--- PROBLEM STATEMENT ---
Every line below from the one with "Дополнительная информация: Стол" through the one with "薄手のストレッチ素材で動きや" is to be repeated exactly, with no picture among them.

--- RECORDS SUPPLIED ---

——

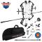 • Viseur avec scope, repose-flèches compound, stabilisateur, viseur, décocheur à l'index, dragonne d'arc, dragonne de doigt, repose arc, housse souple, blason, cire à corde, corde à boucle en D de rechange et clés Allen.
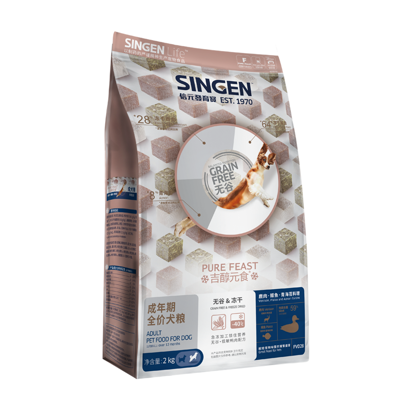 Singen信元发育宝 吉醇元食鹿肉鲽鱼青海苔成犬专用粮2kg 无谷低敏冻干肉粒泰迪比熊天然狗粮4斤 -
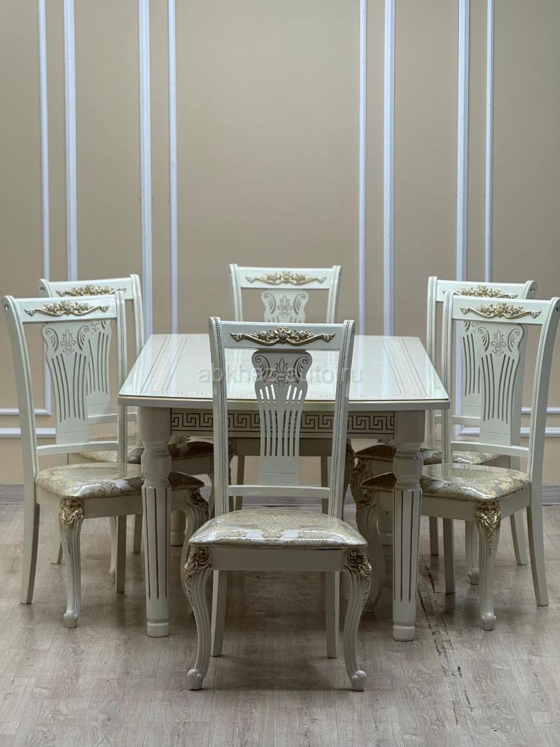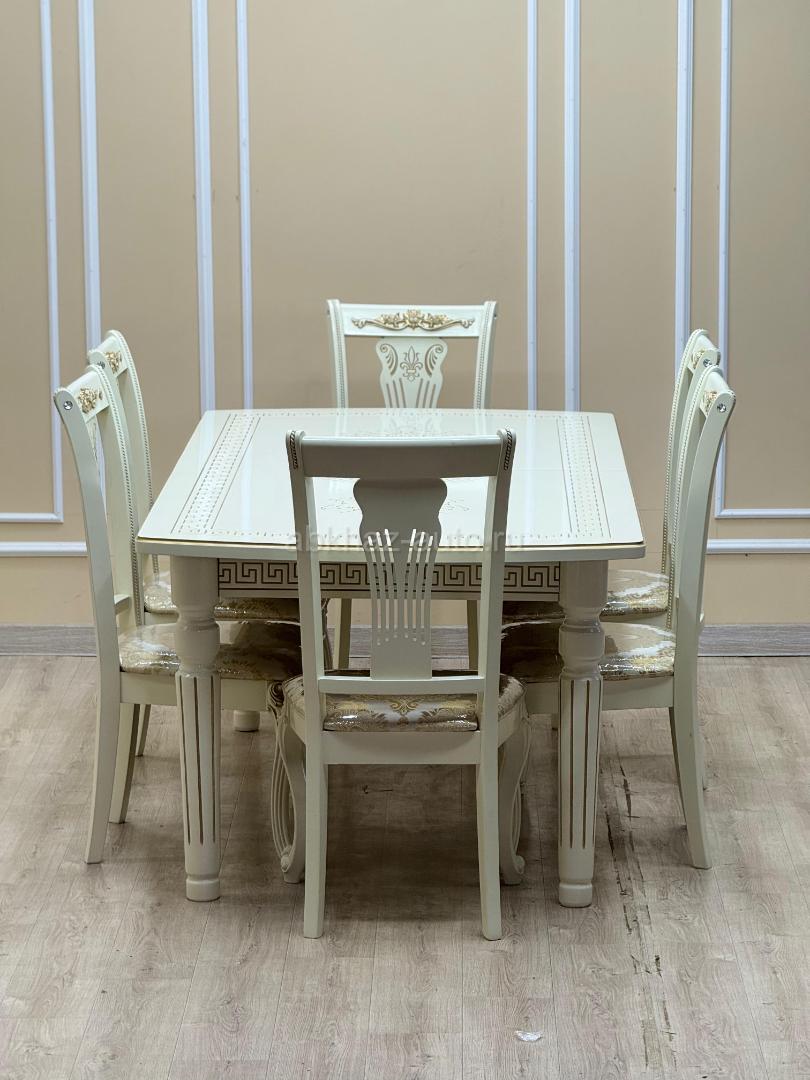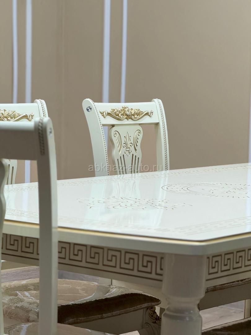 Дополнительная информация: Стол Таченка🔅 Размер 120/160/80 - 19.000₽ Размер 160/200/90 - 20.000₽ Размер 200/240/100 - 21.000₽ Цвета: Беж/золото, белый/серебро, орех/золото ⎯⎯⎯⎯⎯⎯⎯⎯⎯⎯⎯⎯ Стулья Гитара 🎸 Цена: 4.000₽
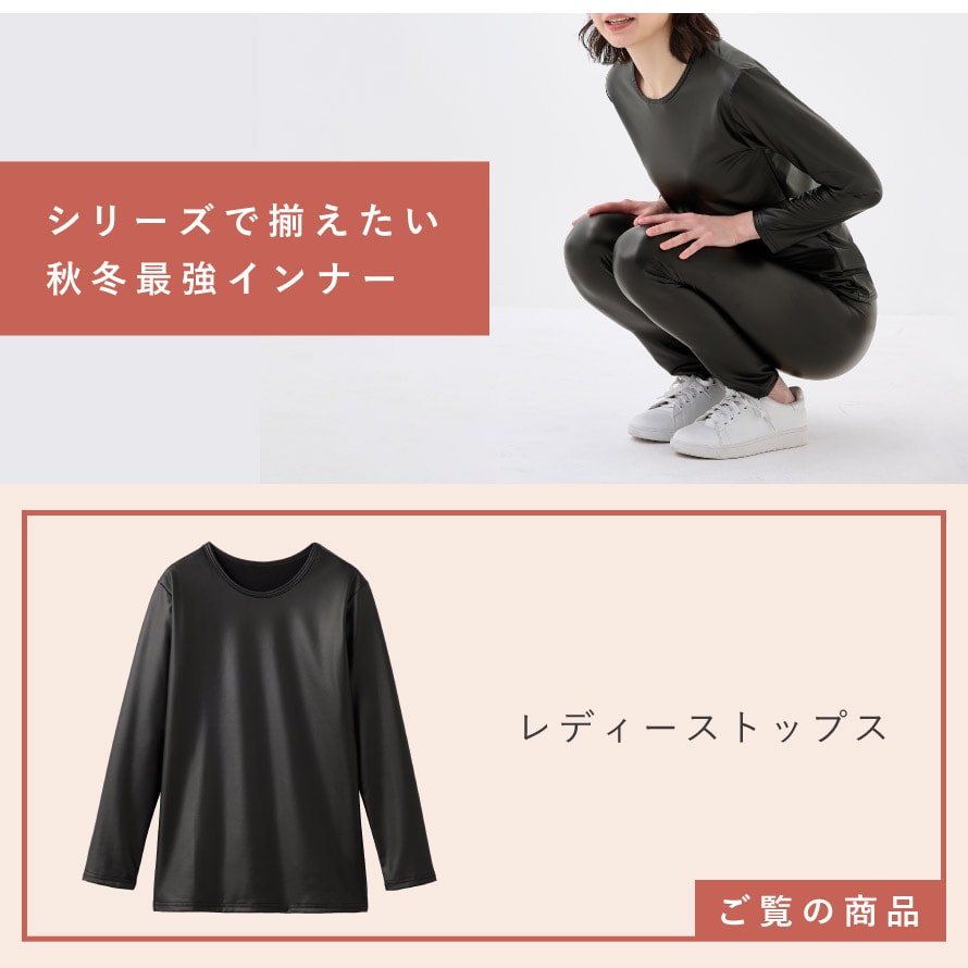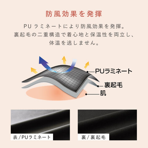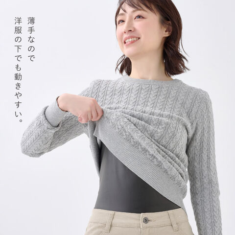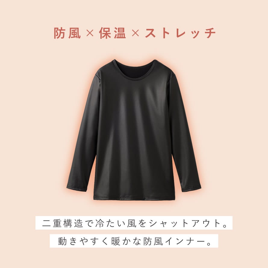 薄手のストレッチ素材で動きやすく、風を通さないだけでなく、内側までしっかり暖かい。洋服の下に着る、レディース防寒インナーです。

——

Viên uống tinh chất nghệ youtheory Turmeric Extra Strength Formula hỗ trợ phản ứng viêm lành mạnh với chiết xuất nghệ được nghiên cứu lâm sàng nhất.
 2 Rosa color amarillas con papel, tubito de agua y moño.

——

--- REPLY TO THE TASK ---
 Дополнительная информация: Стол Таченка🔅 Размер 120/160/80 - 19.000₽ Размер 160/200/90 - 20.000₽ Размер 200/240/100 - 21.000₽ Цвета: Беж/золото, белый/серебро, орех/золото ⎯⎯⎯⎯⎯⎯⎯⎯⎯⎯⎯⎯ Стулья Гитара 🎸 Цена: 4.000₽
 薄手のストレッチ素材で動きやすく、風を通さないだけでなく、内側までしっかり暖かい。洋服の下に着る、レディース防寒インナーです。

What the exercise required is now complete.